Hunting Over the Internet? I Say Go for It

Apparently the next big outrage after “canned” hunting are proposals to allow hunting over the Internet.

One John Underwood gained his 15 minutes of fame by claiming he was going to allow point-and-click hunting on his Texas ranch. Interested parties would pay a fee, log on, and presumably begin firing away remotely.

Frankly, the whole thing sounds like a bit of a hoax, but many people were outraged nonetheless. Lets assume it wasn’t a hoax — what is the big deal?

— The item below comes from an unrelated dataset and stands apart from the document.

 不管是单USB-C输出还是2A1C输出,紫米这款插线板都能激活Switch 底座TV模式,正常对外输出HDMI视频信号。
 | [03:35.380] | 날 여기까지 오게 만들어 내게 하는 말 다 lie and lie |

Assuming all Texas wildlife laws as far as permits, etc., are being followed how is it any more objectionable to log in to a website to kill an animal than it is to log on to a site like Fairbury Steaks and have parts of an animal carcass delivered to you overnight?

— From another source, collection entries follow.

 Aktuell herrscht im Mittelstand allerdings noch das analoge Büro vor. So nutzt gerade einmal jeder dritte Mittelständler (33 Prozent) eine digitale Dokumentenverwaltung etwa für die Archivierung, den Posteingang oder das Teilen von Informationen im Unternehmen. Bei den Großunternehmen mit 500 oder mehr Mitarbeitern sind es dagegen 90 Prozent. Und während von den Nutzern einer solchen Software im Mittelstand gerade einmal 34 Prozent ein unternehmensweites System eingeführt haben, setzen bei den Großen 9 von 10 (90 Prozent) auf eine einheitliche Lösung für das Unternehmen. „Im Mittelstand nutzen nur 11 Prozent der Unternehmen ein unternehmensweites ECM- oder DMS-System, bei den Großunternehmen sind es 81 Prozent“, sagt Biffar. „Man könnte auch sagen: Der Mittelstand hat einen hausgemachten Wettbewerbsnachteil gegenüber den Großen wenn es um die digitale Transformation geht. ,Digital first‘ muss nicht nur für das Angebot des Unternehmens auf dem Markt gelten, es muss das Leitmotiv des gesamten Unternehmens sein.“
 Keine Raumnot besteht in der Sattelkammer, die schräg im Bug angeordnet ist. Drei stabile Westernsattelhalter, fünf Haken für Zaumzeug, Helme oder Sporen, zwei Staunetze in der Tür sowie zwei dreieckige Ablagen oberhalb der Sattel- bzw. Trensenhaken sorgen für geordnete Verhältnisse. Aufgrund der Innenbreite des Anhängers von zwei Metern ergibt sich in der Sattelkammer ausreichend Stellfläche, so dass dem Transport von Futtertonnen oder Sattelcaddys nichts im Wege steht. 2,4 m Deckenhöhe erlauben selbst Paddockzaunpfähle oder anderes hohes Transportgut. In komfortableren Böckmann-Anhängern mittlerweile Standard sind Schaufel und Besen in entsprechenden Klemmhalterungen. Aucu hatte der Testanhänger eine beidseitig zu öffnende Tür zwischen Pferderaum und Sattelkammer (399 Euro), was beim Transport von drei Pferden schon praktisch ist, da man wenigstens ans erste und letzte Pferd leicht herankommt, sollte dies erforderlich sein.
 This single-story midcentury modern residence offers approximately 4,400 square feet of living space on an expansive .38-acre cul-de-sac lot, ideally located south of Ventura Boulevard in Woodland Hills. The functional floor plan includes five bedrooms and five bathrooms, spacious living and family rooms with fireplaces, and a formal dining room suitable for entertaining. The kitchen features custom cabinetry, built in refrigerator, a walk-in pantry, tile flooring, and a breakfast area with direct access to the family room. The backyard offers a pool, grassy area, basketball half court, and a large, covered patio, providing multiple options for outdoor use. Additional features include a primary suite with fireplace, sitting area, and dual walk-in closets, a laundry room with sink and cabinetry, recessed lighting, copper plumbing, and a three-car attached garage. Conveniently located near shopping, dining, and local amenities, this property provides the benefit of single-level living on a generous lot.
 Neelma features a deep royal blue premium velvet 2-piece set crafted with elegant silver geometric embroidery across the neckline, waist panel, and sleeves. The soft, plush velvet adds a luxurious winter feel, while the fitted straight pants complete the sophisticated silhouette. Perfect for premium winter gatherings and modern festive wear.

Its fascinating that most people seem to have no problem with either a) people taking guns and heading off into the woods and killing animals or, alternately, raising animals on farms to be slaughtered, or b) people buying carefully packaged animal flesh in pleasantly decorated supermarkets, but if you somehow start to blend the two, by combining hunting with the amenities and convenience of supermarkets, suddenly people cry to the heavens about the unjustness of it all.

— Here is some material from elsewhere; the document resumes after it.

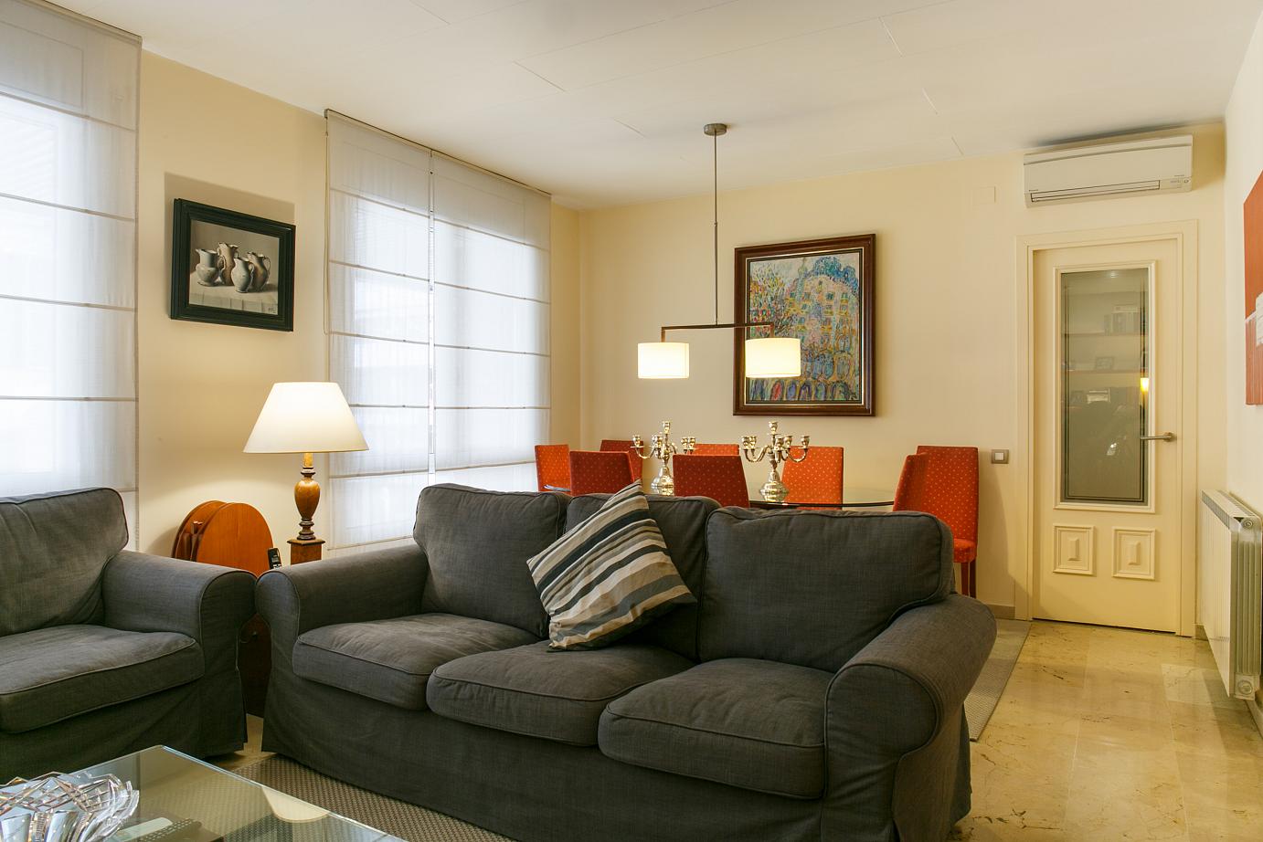116 m2. Bonita vivienda en Sarriá - Sant Gervasi. Salón, comedor y dormitorios exteriores a calle. Calle muy tranquila. Amplio salón comedor, cocina independiente con zona lavadero, 3 amplias habitaciones (antes 4), 1 tipo suite con salida a balcón, cuarto de plancha. Suelos de parket y mármol. Armarios empotrados en todas las habitaciones. Aire acondicionado individual en los dormitorios y salón comedor. El piso se alquila sin muebles. Finca moderna con 2 ascensores. Plaza de parking incluida en el precio con acceso directo. Finca con servicio de conserjería. Muy bien comunicado, junto a todo tipo de servicios. Cerca estación Putxet FGC, autobuses 22, 58,64, 70 H6, V15.

And there’s inconsistency there as well. If its so horrible to hunt an animal in a confined space or do it remotely over the Internet, why aren’t most people regularly horrified at being able to simply select a lobster at a store or restaurant? Shouldn’t they demand that shoppers and diners give the lobster a “sporting” chance?

Source:

Point click and shoot. Lynda Gledhill, San Francisco Chronicle, March 10, 2005.